Anthocyanin is unstable and sensitive to heat, light, pH, oxygen, and other environmental factors and the degradation of anthocyanins affects the sensory quality and reduces bioactivity [9]. Various studies have provided strong evidence that the interaction between proteins and anthocyanins could improve the stability of anthocyanins [1,12,28,29,36]. In this study, LPI and C3G might form a complex through hydrophobic interaction, which could effectively improve their thermal and oxidation stability.

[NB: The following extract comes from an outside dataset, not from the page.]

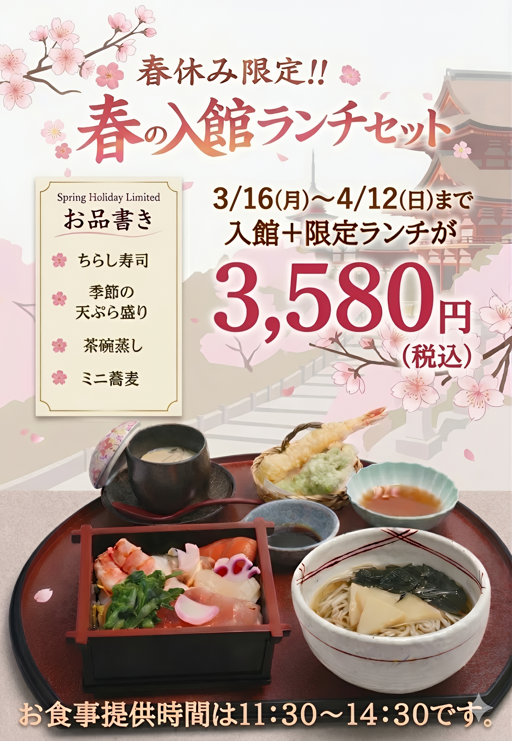 くつろぎプラン・のんびりプランのご紹介 くつろぎプラン 入館×天ぷらお造り御膳がセットとなったお得な […]

3.11. Antioxidative Properties of LPI-C3G Complexes

The antioxidant activity of LPI-C3G complexes was detected using the FRAP method. As shown in Table 3, regardless of heat or oxidation treatment, the reducing ability of C3G was higher than LPI-C3G complexes, and the higher the concentration of LPI, the weaker the reducing ability of the LPI-C3G complexes. These results suggested that conjugating C3G with LPI protects C3G from degradation, but inhibits its antioxidant activity. This might be because when polyphenols interact with proteins through hydrophobic forces, there are fewer opportunities for pro-oxidants in the environment to interact with polyphenol molecules [49].

4. Conclusions

The spectroscopic analyses indicated that LPI interacted with C3G and formed complexes via hydrophobic effects with Ka of 3.24 × 106 M⁻¹ at 298 K and quenched the intrinsic of LPI by static quenching. The complexation changed the particle size and surface charge of proteins in LPI, but considerably decreased their surface hydrophobicity, as well as affecting the functional properties (foaming and emulsifying properties). Meanwhile, LPI enhanced the thermal and oxidative stability of C3G, but inhibited its antioxidant activity. These effects might be related to changes in their structure during the interaction. Overall, this study highlights the LPI in improving the stability of anthocyanins, and LPI–nutrient complexes might help stabilize bioactive compounds and develop functional foods.